The invention has the beneficial effects that: the method is based on the graph neural network and the cluster analysis, can realize feature extraction and associated reasoning of attack information, realizes the representation of the attacker in complex condition by using the graph neural network and the cluster analysis method, meets the requirement on the accurate representation of the attacker, and has wide application prospect.
Drawings
The invention is described in detail below with reference to the drawings and the detailed description;
FIG. 1 is a flow chart of the present invention;
FIG. 2 is a flowchart of an algorithm of the present invention;
FIG. 3 is an exemplary diagram of an attack pattern of the public Standard network attack definition and description Specification Standard of the present invention;
fig. 4 is a schematic diagram of attack mode definition in the network attack definition and description specification standard of the present invention.
Detailed Description
The invention is further described in connection with the following detailed description, in order to make the technical means, the creation characteristics, the achievement of the purpose and the effect of the invention easy to understand.

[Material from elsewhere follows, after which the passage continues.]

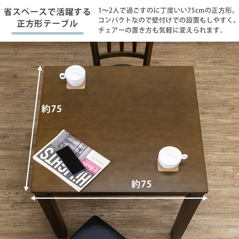 ダイニングテーブル 75cm 木製 正方形 角型 シンプル 作業台 デスクにも チェアは別売り VTM-75 ダークブラウン(DBR)

Referring to fig. 1-4, the present embodiment adopts the following technical scheme: an attacker portrayal method based on a graph neural network comprises the following steps:
s1, acquiring attack information, wherein the attack information comprises the following specific steps: alarm logs generated by open-source network security laboratories and manufacturers are collected, in order to guarantee real environmental conditions, subsets of data sets such as KDD99, IDS2017, digg, reddit, UNSW-NB15 and the like are mixed for experiments, corresponding attack sources are marked manually, and corresponding operation sets are mapped.
S2, carrying out normative processing on the attack event to enable information from different manufacturers and equipment to have the same dimension and format, wherein the specific method is as follows:
s2.1: storing attack information from different manufacturers and equipment in the same format;
s2.2: defining the characteristic dimension, attack intention and attack severity of attack modes through a national standard 'network attack definition and description specification standard', and determining detailed information such as the upper and lower relationship of each attack mode, the outline of the attack mode and the like;
s2.3: performing normative definition on IP of an attacker, IP of a victim, characteristic information of the attacker and characteristic information of the victim according to third party information and a knowledge base;
s2.4: adjusting the dimension of each attack information to enable the attack information from different resources to have the same dimension, wherein the steps further comprise: the sample data sets are all provided to an extreme random Tree (Extra Tree) based classification model to determine the importance of each feature attribute.
S3, initially constructing an attack event feature graph, determining nodes and feature sets X of the nodes, generating edges according to the connection condition of the nodes, and storing edge information in the form of an adjacent matrix A; taking each attack event in the data set as one node of the attack network, and if the attack event occurs, establishing an edge between the nodes corresponding to the two users; the initial characteristics of the nodes and the edges are obtained, and an attack network G= (V, E, X, A) is constructed, wherein the specific method is as follows:
s3.1: constructing a node connection unit according to the preprocessed information, and adding edge connection to the nodes in the node set;
s3.2: and constructing an initial feature matrix X according to the features of each node, and constructing an adjacent matrix A according to the relation between each node to obtain an attack network G= (V, E, X, A).
S4, the graph neural network represents learning, and the optimal high-level characteristics and the graph-level characteristics of the nodes are obtained through the network representation learning. For the input feature graph g= (V, E, X, a), first, the Node2vec algorithm learns to obtain the optimal advanced feature of the Node, which specifically includes:
s4.1: the Node2vec network embedding method based advanced features such as structure of learning network and adjacent information of nodes, comprising:
s4.1.1: controlling a random walk strategy through the super parameter p and q, and sampling to acquire information of an attack network;
s4.1.2: the network characteristics of each node are learned through a Skip-Gram model by the network graph generated in the step S3.
S4.2: learning a graph neural network mapping function using the graph neural network based on the learned advanced features such that node v i Can aggregate own characteristics x i And feature x of neighbor node i To generate node v i Is capturing the dependency of the data inside the graph. The method comprises the following steps:
s4.2.1: according to the advanced characteristic information of the network node and the adjacent information learned in the step S4.1, firstly, a graph convolution neural network self-Encoder is constructed, and an Encoder is utilized to project an input advanced characteristic information vector f to a coding space z, namely z=encoder (f); the self-Encoder Encoder of the graph roll-up neural network is realized by the graph roll-up neural network, and the calculation method is as follows:
s4.2.2: according to the encoder with the attention mechanism, the nodes are weighted and averaged, and the calculation formula is as follows:
in the formula (1), W ij Is the attention weight between node i and node j, u i For all the set of neighbor nodes of i,information of i nodes in k layers and k+1 layers respectively, wherein sigma is a sigmoid function;
s4.2.3: calculating an inner product between z nodes of the coding space; the loss function of the self-encoder is represented as:
loss=-log(σ(z i ))-R·E v~P(v) log(σ(z i )) (2)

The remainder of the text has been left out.